DeepSeek VL — every version

The full lineage of the DeepSeek VL line, newest first. Every version has its own page — click any to compare specs, benchmarks and pricing.

VersionReleasedContextLicense
DeepSeek-VL2current2024-12-13Open weights
DeepSeek-VL2024-03Open weights

FAQ

What is DeepSeek-VL?

DeepSeek-VL is DeepSeek's first open-weight vision-language model series, released in March 2024. It pairs a dense DeepSeek-LLM language backbone with a hybrid vision encoder (SigLIP-L plus SAM-B) so it can understand images, documents, OCR text and charts. It ships in two sizes — 1.3B and 7B — each with a Base and an instruction-tuned Chat checkpoint.

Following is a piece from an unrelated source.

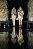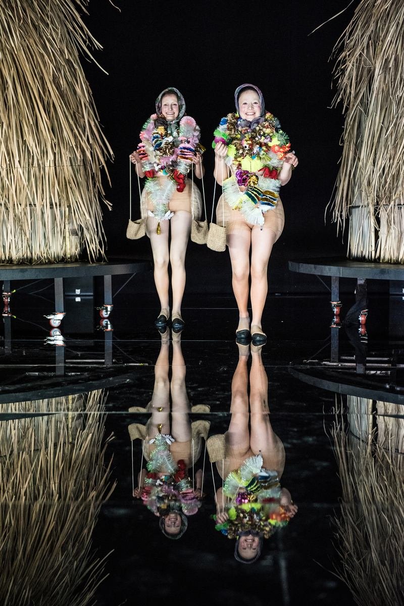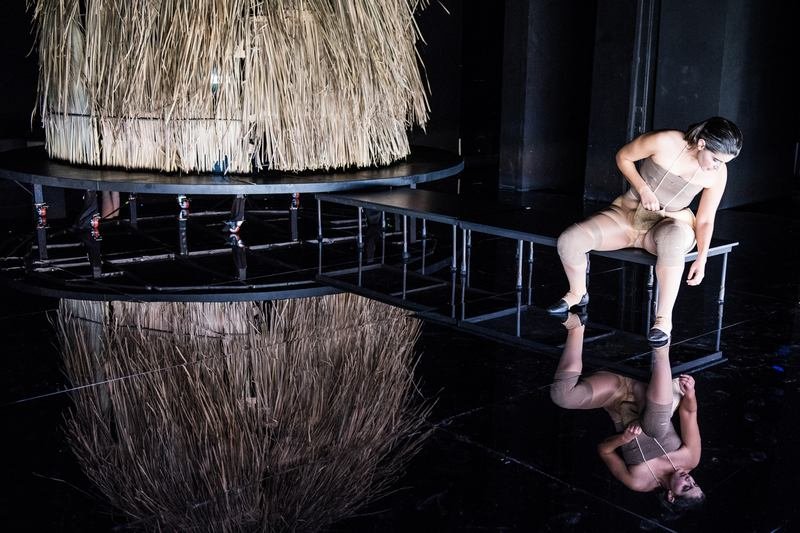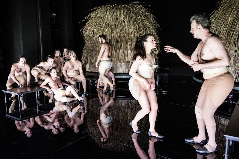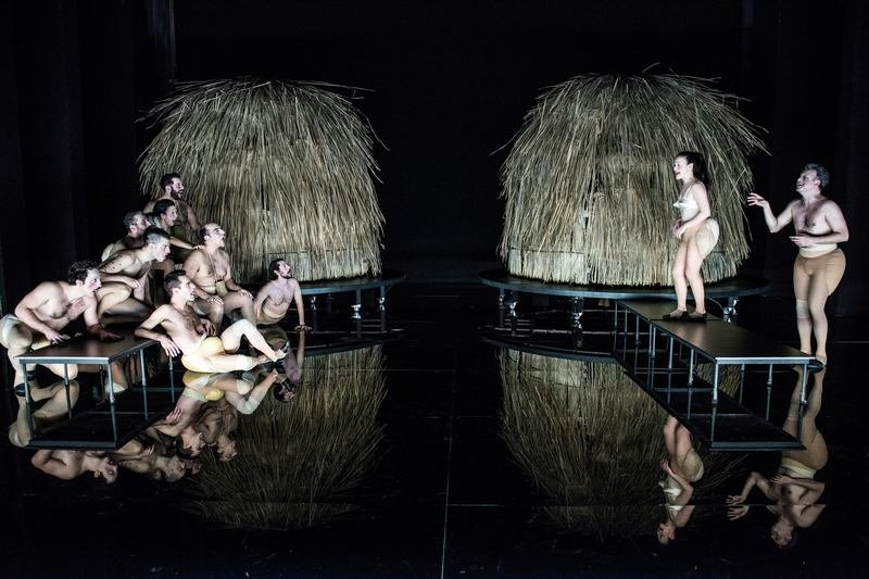 Η παράσταση στήνει ένα πρωτόγονο και, ταυτόχρονα, μελλοντολογικό σκηνικό περιβάλλον, ένα άγριο μεταβατικό μέρος. Δύο τροπικές καλύβες, δύο μεγάλα γλυπτά από φυσικά υλικά που ορθώνονται πάνω σ' ένα γυαλιστερό μαύρο πάτωμα, μια αλλόκοτη, μαύρη γη που καθρεφτίζει κι εκθέτει. Οι ήρωες του έργου περιφέρονται διεφθαρμένοι πλέον κι ασύδοτοι, πιάνουν καβγάδες και μιλούν ακατάπαυστα, προσπαθώντας να γεμίσουν με λόγια το κενό. Προσπαθώντας να υπάρξουν μέσω της εικόνας που δημιουργούν στους άλλους.

What sizes and variants does DeepSeek-VL come in?

Four checkpoints across two sizes: deepseek-vl-1.3b-base, deepseek-vl-1.3b-chat, deepseek-vl-7b-base and deepseek-vl-7b-chat. The 1.3B models are built on DeepSeek-LLM-1B and the 7B models on DeepSeek-LLM-7B. Base models are pretrained foundations; Chat models are instruction-tuned for conversational multimodal use.

Is DeepSeek-VL open source and free for commercial use?

The weights are published on Hugging Face under the DeepSeek Model License, which permits commercial use, and the inference code is released under the MIT license. You can download and self-host all four checkpoints, or run them through third-party hosts such as Replicate. There is no first-party per-token DeepSeek API for the VL line.

How does DeepSeek-VL compare to DeepSeek-VL2?

DeepSeek-VL (March 2024) is the original dense series with a hybrid SigLIP-L + SAM-B encoder. DeepSeek-VL2 (December 2024) replaced the dense backbone with a sparse Mixture-of-Experts (DeepSeekMoE with Multi-head Latent Attention) and added a dynamic tiling vision encoder, delivering substantially stronger OCR, document and chart accuracy while activating only a fraction of its weights per token. VL2 supersedes this original line.